How these volumes running into several thousand pages reached the safe coffers of our national repository is a story worth telling. Shridhar Vasudev Sohoni, the Commissioner of Tirhut Division in the mid-1950s, has narrated his discovery of these folios in the record room of his office in a somewhat dramatic manner. This was the same office from which L.F. Morshead, his colonial predecessor, had ordered Gandhi to be externed. Sohoni tells us how at the end of a day’s work in August 1955, he chanced upon a worm-eaten bundle of papers which turned out to be the collection of these peasant testimonies. He showed these to Rajendra Prasad, Gandhi’s trusted lieutenant, now the President of India, who was immensely pleased at this discovery and wished copies to be made, with the active involvement of Ramnavami Prasad, one of the original band of testimony recorders. The President also desired that one set of these registers be made for his personal collection. A few months later, Mritunjay Prasad, the President’s son, gave some of these Registers to Commissioner Sohoni. It appears that five typed volumes of these peasant affirmations were deposited soon after in the Sadaqat Ashram, Patna, the Ashram founded by Maulana Mazhar-ul-Haq, a close friend, referred to by Gandhi in the original Gujarati version of his Autobiography as the ‘Simple Bihari’—lawyer nationalist.

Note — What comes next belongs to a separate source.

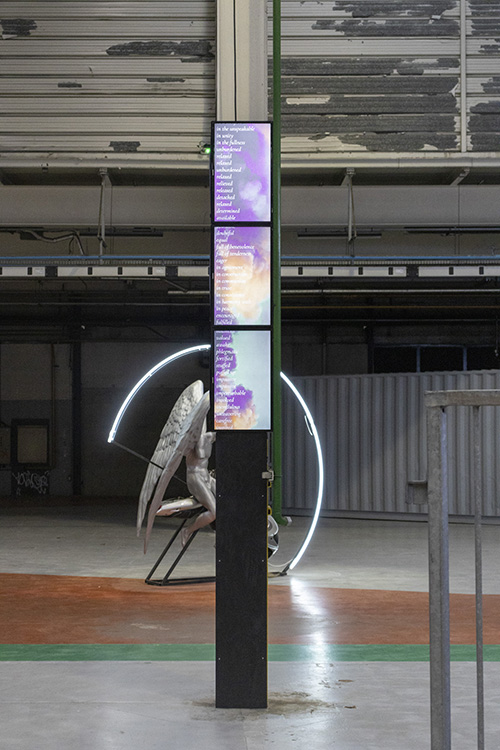 Léo Fourdrinier installe un ensemble de sculptures récentes dont la plus spectaculaire, Mind and Senses Purified (Icare) – vue à la Biennale de Lyon – se déploie dans un mouvement de lumière, de moto retournée et d’ange déchu. Très vite, la narration se met en place, un sentiment de vitesse, celui de l’orage et de la lumière accompagne la chute inexorable de la moto. L’artiste nous parle alors du culte de la vitesse, d’Icare monté trop vite, trop haut. Chaque élément faisant directement signe vers l’Histoire, la mythologie et une certaine culture populaire.

It is rare indeed when thousands of peasants seek out a Mahatma-in-the-making and recount in telling detail the onerous conditions under which they toiled for the indigo sahibs of Champaran. The arrival of Gandhi in the district in April 1917, his desire to make inquiries into the indigo situation, the official turnaround in permitting his investigations, these are the motifs common to most accounts. This, however, is to foreshorten Gandhi’s encounter with the ‘indigo peasants’

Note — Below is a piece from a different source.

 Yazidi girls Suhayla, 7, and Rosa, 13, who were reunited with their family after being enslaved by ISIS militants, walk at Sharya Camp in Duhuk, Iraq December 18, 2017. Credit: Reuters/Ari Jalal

Basing himself on these hitherto unknown volumes, K.K. Datta, the foremost historian of colonial Bihar, conveyed their discovery to the Indian Historical Records Commission in 1958. The full set of eight folio volumes, along with an index, was handed over by Mritunjay Prasad to the National Archives in early November 1973. This is clearly the original manuscript set of testimonies, for the thumb impressions of peasants and the signatures of the lawyer-transcribers have remained unsmudged by the passage of time. In a sense, this is what Gandhi had in mind while issuing detailed instructions for ‘workers’ for the recording of these peasant voices—a collation for immediate use, for his personal understanding of the situation, and as historical document. And what an archive it has turned out to be!
Gandhi’s own recollection of such testimony-gathering helps us peep into the world of ‘indigo peasants’, who unmindful of the threat of the planters, were now stepping out of their villages to have their say before his associates.

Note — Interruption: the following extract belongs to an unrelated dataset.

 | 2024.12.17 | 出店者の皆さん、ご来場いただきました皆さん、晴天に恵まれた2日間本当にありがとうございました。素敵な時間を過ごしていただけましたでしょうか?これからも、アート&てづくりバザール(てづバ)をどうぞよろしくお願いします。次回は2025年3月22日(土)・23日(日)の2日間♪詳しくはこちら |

Crowds of peasants came to make their statements and they were followed by an army of companions who filled the compound and the garden to overflowing. The efforts of my companions to save me from darshan– seekers were often of no avail, and I had to be exhibited for darshan at particular hours.
It is tempting to visualize Gandhi’s assistants writing up the peasants’ izhār—lit. to articulate (Rajendra Prasad’s words). Hundreds of peasants have gathered at Hazarimal’s dharamshala, an outwork of a factory or, to deploy a colonial trope, ‘under the cool shade of a Banyan tree’. As there is no roll call for peasants to come forward to ‘testify’, there is some confusion as to who goes first. Or, as seems more likely, a small crowd gathers near the writing table of Dharnidhar or Rajendra Prasad. The peasant, or a group from the same village who gather round the desk are asked a routine set of questions about their present and past travails. It is doubtful whether they were simply told, as often happens in a court of law: tumko kya kahna māngta?—‘go ahead and say what you have to say’ in local Bhojpuri. More likely, Moti Raut, resigned to submission, the boy Afdar, forced to graze large herds of cattle on the field of Raj Kumar Shukla, or Jhunia, the disconsolate old widow, is asked to repeat, or pause a bit so that a Dharnidhar could write down their story. It is quite surprising that there is only a single case of crossing out and rewriting, and that too in the case of an affirmation taken down—no doubt with some lingual assistance—by Gandhi himself.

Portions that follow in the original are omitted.